27 countries recently pledged a total of US$9.8 billion to the Green Climate Fund (GCF). The GCF was established back in 2010 during the Cancun Agreements to help developing countries reduce their emissions and cope with the impacts of climate change. This round of funding came after the fund announced that it has nearly exhausted some US$7 billion received following an initial funding round back in 2014.

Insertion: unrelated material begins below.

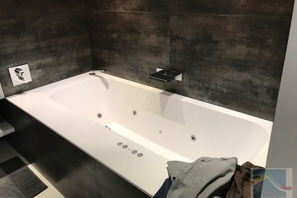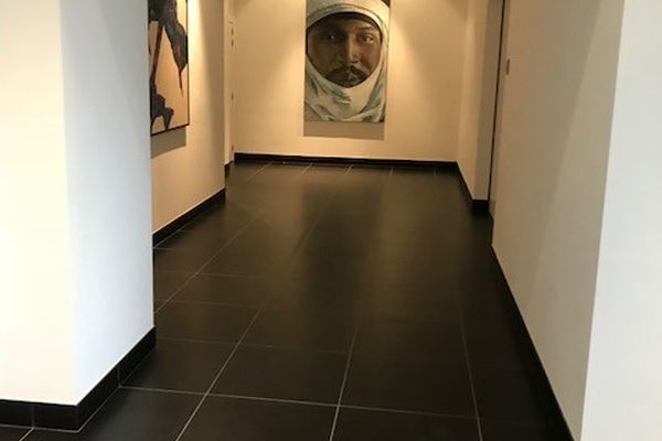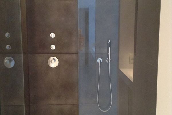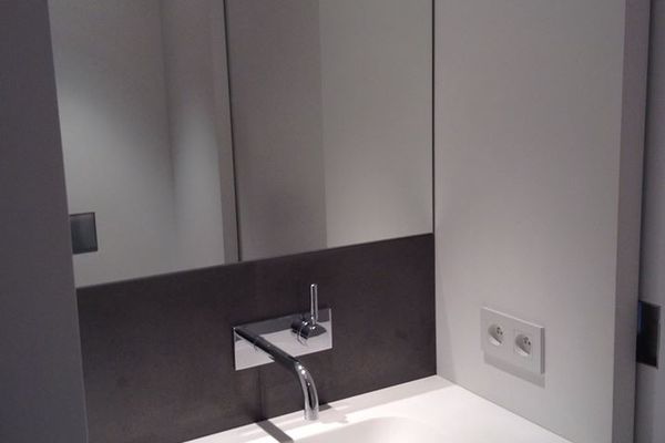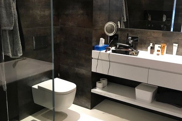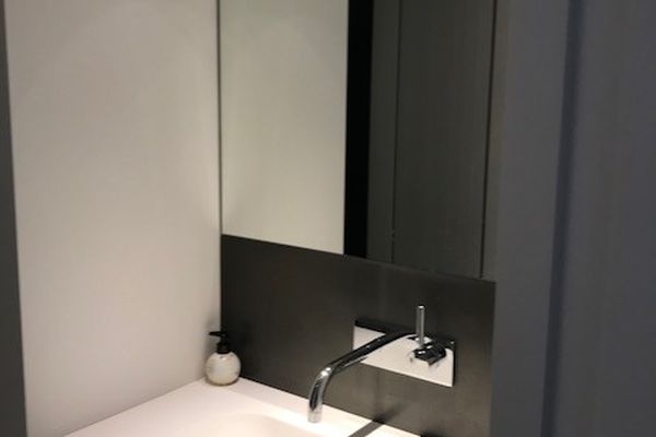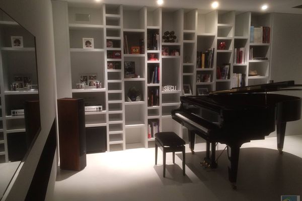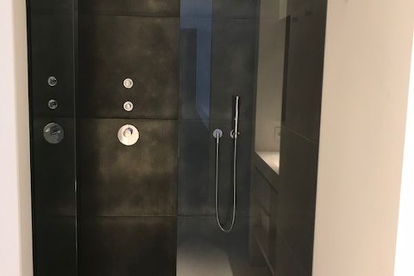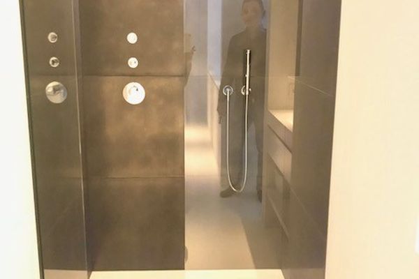 *2è niveau-en mezzanine, espace bureau et salle de cinéma de +/- 16 m² avec vue sur le living -salle de bains complète avec bain High Tech et douche italienne, aux matériaux muraux hors du commun : grandes dalles murales recouvertes d'aluminium....superbe revêtement - salle de douches : douche italienne au revêtement mural similaire à celui de la salle de bains-chambre parentale avec placards et salle de bains privative -chambre 2 avec salle de douche privative

However, countries such as the US and Australia have been criticized for failing to contribute to the fund. The US initially pledged US$3 billion in installments towards the fund during the Obama administration. US President Donald Trump has announced after taking office, of the US’ withdrawal from participating in the GCF and the remaining installments totalling US$2 billion, calling the GCF a scheme that “transfers of American wealth to foreign nations that are responsible for most of the world’s pollution”. Australia, which had already contributed some US$200 million to the fund, has refused to allocate additional funds for the GCF, with PM Scott Morrison saying that Australia can meet its pledge for climate change under the 2015 Paris Agreement, without needing to spend more cash.
Criticism about the fund
Despite the fund being set up many years ago, many of the approved early-backed projects were questioned about their viability, especially those that are involved in the private sector. Some of the projects, such as a Luxembourg-based investment fund that proposed to finance renewable energy or energy efficiency projects in about 30 countries, had no explicit plan that discloses what those projects would be.
Critics also disagree over the distribution channels of the fund, arguing that more climate aid funds should go directly to governments in the developing world, or the communities at risk, instead of it being channeled through large development banks or private-sector enterprises led by global investment firms.